As hospitals struggled to combat COVID-19 in 2020, cyber criminals were aggressively going after health care systems across the country. The bad actors were demanding ransomware and threatening to release patient information.
By: Sandra Jones
Originally Published: November 22, 2021
(InvestigateTV) – Imagine if your most private information was publicly exposed or ended up on the dark web. As hospitals struggled to combat COVID-19 in 2020, cyber criminals were aggressively going after health care systems across the country. The bad actors were demanding ransomware and threatening to release patient information.
According to the U.S. Department of Health and Human Services, there were 827 reported health care breaches in 2019, 2020, and the first seven months of 2021.
More than 52 million people had their medical records compromised.
InvestigateTV found that the data showed an increased number of breaches since the pandemic began. From January to August of 2021, 421 healthcare breaches were reported to HHS. That surpassed all of 2020 when 353 were reported. The 2021 numbers were also eight times higher than reported in 2019 when health care systems only reported 53 cases.
While the number of people these breaches affect is huge, finding a victim to talk to for this story proved difficult because they either didn’t know about the breach or filed class action lawsuits with agreements prohibiting them from commenting.
But former hospital administrator Robert Goff who oversaw operations at a health system in the Northeast did speak out. He faced two health care breaches after employees opened suspicious emails forcing the hospital to pay millions to stop ransomware attacks.
“That means, that your operating system, your medical records, are not electronically available as your providing patient care,” Goff said.
Goff said the hospital had the latest technology and security measures in place to prevent a hack, but it still happened, and put patient safety and treatment at risk after shutting down hospital operations.
“Depending upon the hospital and the system, how fast can you get to your back up information and bring it online? It’s generally not instant,” Goff said. “There are some hospitals that indicate that critical care was impeded and there had been some fatalities.”
Goff told InvestigateTV the hospital had no fatalities, but he couldn’t say if patient information ended up in the hands of cybercriminals. But the hospital staff is constantly training and re-educating employees on cyberattacks.
“We do our own phishing attacks on ourselves, and unfortunately if a person, if an employee, has a habit of clicking on everything and does not change with education, we will be forced to terminate them,” Goff said.
Under HIPAA, or the Healthcare Information Portability and Accountability Act, health care organizations are required to report a breach to the Department of Health and Human Services’ Office of Civil Rights, if more than 500 people are impacted.
InvestigateTV’s analysis shows the type of large medical data breaches tracked by the federal government. Out of 827 breaches between 2019 and the first part of 2021, three quarters were categorized as hacking or IT incidents.
The 10 largest data breaches involved a total of nearly 19 million records.
The largest breaches included a corporation which administers government health insurance for kids and a major grocery company that has pharmacies in its stores.
“It’s sad because look who, look at all of the people being victimized,” Goff said.
Lawmakers on Capitol Hill are trying to tackle the problem.
“Right now, it’s just the wild west. There are no rules at all,” said Congressman Michael McCaul, a Republican from Texas.
McCaul co-chairs the congressional cybersecurity caucus he helped to create 15 years ago in hopes of raising awareness of an evolving threat.

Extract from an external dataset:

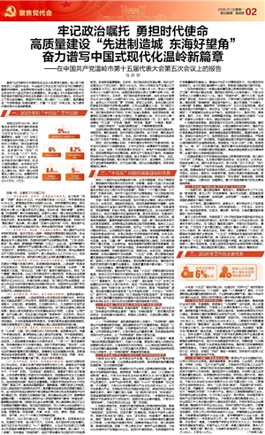 同志们,2025年已经过去,“十四五”圆满收官。回首温岭这五年,发展极不寻常、奋斗极不平凡。五年来,我们始终牢记政治嘱托,紧扣习近平总书记对浙江“4+1”重要要求,以及总书记在浙江工作期间4次到温岭考察调研作出的6方面重要指示批示精神,深入践行“八八战略”,加快建设“两城两湖”,坚定不移沿着总书记指引的方向奋勇前进,忠诚底色越擦越亮;五年来,我们始终扭住发展主题,地区生产总值迈过3个百亿台阶、接近1500亿元,预计人均地区生产总值从8万元提高至10万元,城乡居民收入倍差从1.80缩小至1.69,常住人口城镇化率从61.5%提升至69%,全国百强县排名从第25位攀升至第18位,综合实力不断壮大;五年来,我们始终坚持改革创新,全社会R&D经费支出占GDP比重从1.6%提升到2.59%,全日制普通高校、省重大创新平台、省顶尖人才均实现“零”的突破,浙东工业母机、金台丘陵山区农机装备列为国家先进制造业集群,上市企业数量达13家,龙门港区口岸正式开放,17项改革入选省部级以上试点,发展动能加速集聚;五年来,我们始终把牢实干导向,打响了全域土地整治、低效用地改造、湖漫库区生态搬迁等一场场大仗硬仗,市域铁路S1线、市文化中心等一批重大民生工程建成投用,三甲医院数量居全国县(市、区)前列,接连捧回“天工鼎”“平安鼎·铜鼎”“神农鼎·银鼎”“大禹鼎·银鼎”,创成“全国文明城市”“全国双拥模范城”,干事氛围更加浓厚。

“We have to have some rules of the game in international space,” McCaul said.
He envisions setting up an office within the State Department.
“An ambassador that can negotiate with, say, our European partners, our NATO allies, that NATO’s going to stand together,” McCaul said. And if a NATO ally is hit with a destructive, we have to define cyber warfare as well.”
Meanwhile, Virginia Congresswoman Abigail Spanberger, a Democrat, introduced the Better Cybercrimes Metric Act to help law enforcement go after hackers attacking victims nationwide. The bill hasn’t passed.
“Quite frequently, we’ll see the companies or entities will pay whatever sort of, I mean, extortion, demand is made by these criminal groups or criminal entities, and so it doesn’t come to the forefront of discussion. And in fact, sometimes it’s swept under the rug,” Spanberger said.
“The sooner the breach is contained, the lesser the damage will be.”
That is why cybersecurity expert Vahid Bezhadan urges consumers to report any cybercrime and take steps to protect themselves. Some of those steps include changing passwords, getting anti-virus protections, checking for computer updates and reporting any weaknesses in the system.
“You should worry about the compromises any time that you provide or store information about yourself. You should be aware of the risk,” Bezhadan said.
According to the latest data breach report by IBM and the Ponemon Institute, the average data breach in the U.S. cost $9.5 million in 2021. The healthcare industry is paying the most per data breach at $9.23 million.